Isla Providencia, Colombia
We enjoyed three nice rest days here at Isla Providencia.
Our late clearing in to Colombia yesterday went smoothly, although I didn't know I had to bring our zarpe from Panama and Josh had to make quick trip back to the boat. Mr. Bush had given me the impression that we would just be dealing with immigration, but I found myself seated at a table with half a dozen officials, including a representative from the Port Captain who needed our zarpe. (A zarpe is an all-imporant document in Latin America that proves that you have been given permission to leave one country for another. No zarpe, no entry into the next country.) The Colombian officials were very pleasant, except for the Port Captain guy and I was served coffee. No complaints.

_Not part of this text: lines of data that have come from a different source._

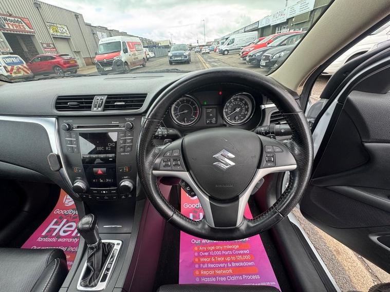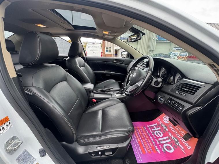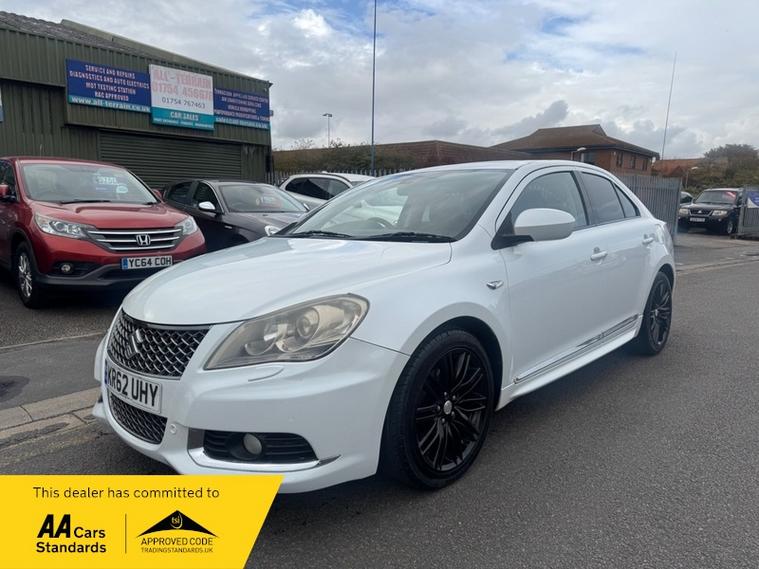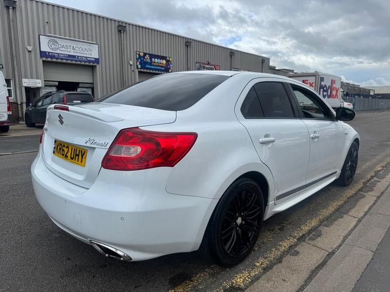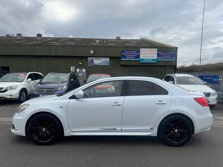 2013 (62) Suzuki Kizashi 2.4 Sport 4x4 4dr CVT Automatic in White. Low mileage for this reliable Japanese saloon with just 90, 000 miles. Rare model with a great specification including Full leather heated electric seats, Cruise control, Bluetooth connectivity, Automatic lights/wipers, 18 inch alloy wheels, Front & Rear parking sensors, Electric opening sunroof, Keyless entry/exit with start/stop button, Changeable 2WD and 4WD driving modes, Semi Automatic mode with paddle shifters, Dual climate control with working air conditioning, Bluetooth connectivity and more. Runs and Drives brilliantly. The Suzuki Kizashi combines a smooth and comfortable drive with performance and practicality. Very clean example and looks great in the white with black wheels. 12 Months MOT, Service and 6 Months with the sale. A lovely example of a unique and eye catching vehicle. Finance Available.
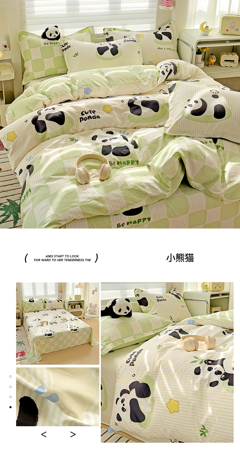 当前位置: 91家纺网 > 商品网购 > 床品套件 > 四件套 > 全棉普通四件套 > 春雨家居 2025新款春夏卡通印花全棉四件套 小熊猫
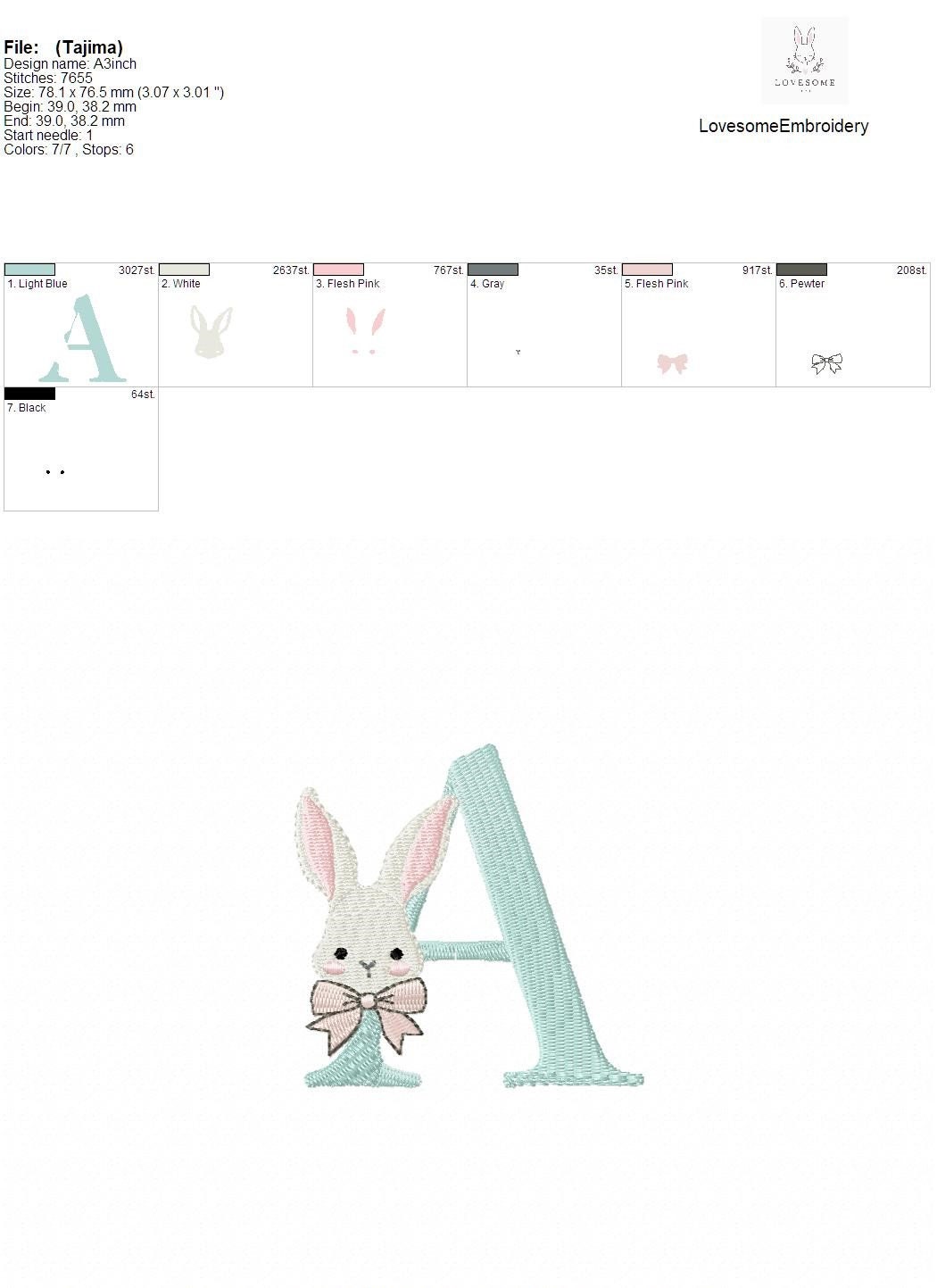Easter Bunny 3inch Alphabet A-Z Easter Rabbit with Bow Machine Embroidery Font Digital Download | Lovesome Design
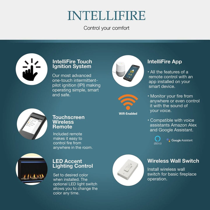 Features a simple, single mode function and is specifically designed for wall placement, ensuring a great fire is just a flip of the switch away. Features battery strength indicator, automatic battery backup, on/off.
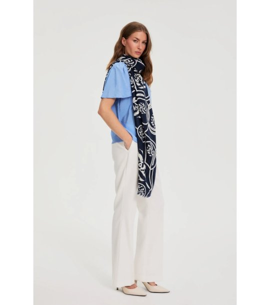 Eșarfă bleumarin pentru femei cu imprimeu floral

We had rented a Kawasaki Mule, a mini-jeep, to tour the island after our check in was finished. We circumnavigated the island in a clockwise direction, spending most of our day at Roland's Restaurant at Playa de Manzanillo at the south end of the island. We enjoyed a nice fish lunch, cold beers, good reggae music, warm Caribbean hospitality, swimming, walking on the beach, yoga, and people watching.

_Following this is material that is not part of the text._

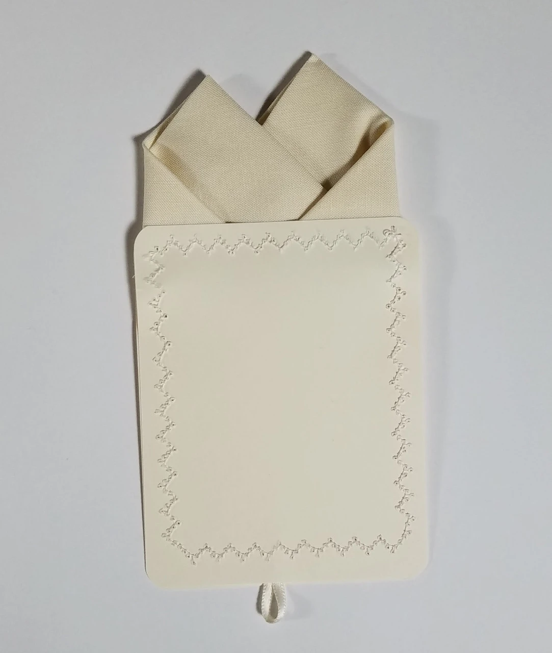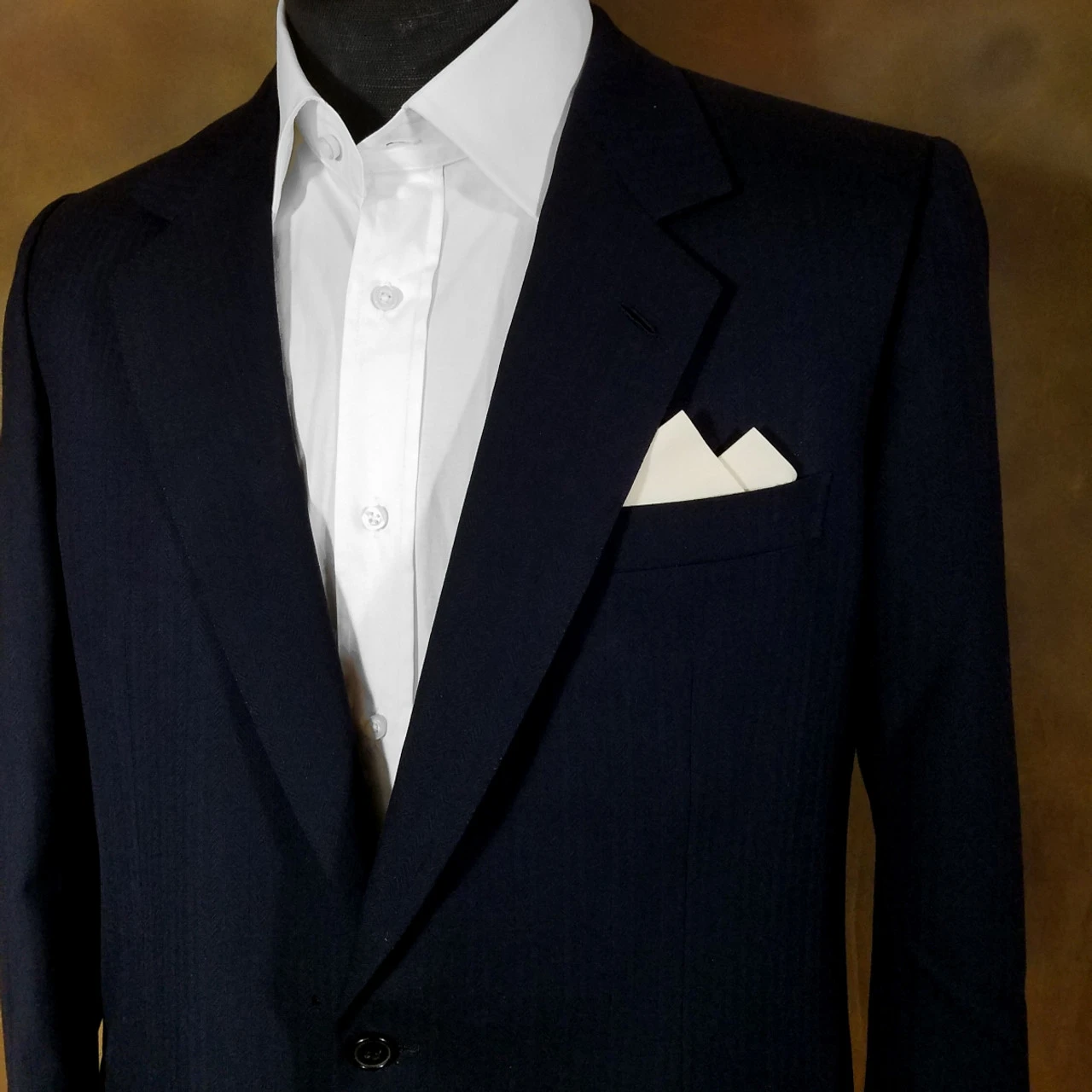 Dress up your suit or sport coat with a pre-folded pocket square. It’s easy to use and looks like a well placed pocket square. Just slip the insert into your breast pocket and adjust height to your taste. Trim bottom of card if you want less pocket square showing.

When I took my turn to walk on the beach I came across a small family- mom, dad, little boy. Mom was taking pictures of dad and son. I stopped and asked (in Spanish) if they would like me to take a picture of them together. I'm at the point now where I pretty much speak Spanish without thinking in English, though it's always lurking in the background. As I took the picture I automatically said, "Dice queso!" ("Say cheese!") which makes absolutely no sense in Spanish. So the first picture I took has the family all looking puzzled rather than smiling. I had to take another one.
Isla Providencia is sparsely populated with small settlements around its coast and a virtually uninhabited interior. The land rises steeply from the sea with the highest peak 1160 feet above sea level. It is densely vegetated but rainfall has been unusually low in recent years, so everything is dry and the predominant color of the landscape is a brownish-green. I imagine with normal rainfall, the island would be much more lush and verdant. The only main road circles the island and there are very, very few cars and trucks and many, many motor scooters. Yet outside of the main town, traffic is very light and the road is in great condition, very pleasant for touring in a vehicle that only goes 25 mph.
This morning, Roy and Josh went to a spa to enjoy a massage and some other sorts of beauty treatments. I, grizzled, calloused sailor that I am, stayed on the boat to tighten up the rig and repair the jib furling line. They came back looking refreshed but I saw no improvement to their looks, although Josh said his skin felt very soft and offered to let me feel it. I took his word for it and declined. I'm afraid sailing crews aren't like they were back in the old days. Imagine Henry Morgan's crew using their shore leave to get pedicures.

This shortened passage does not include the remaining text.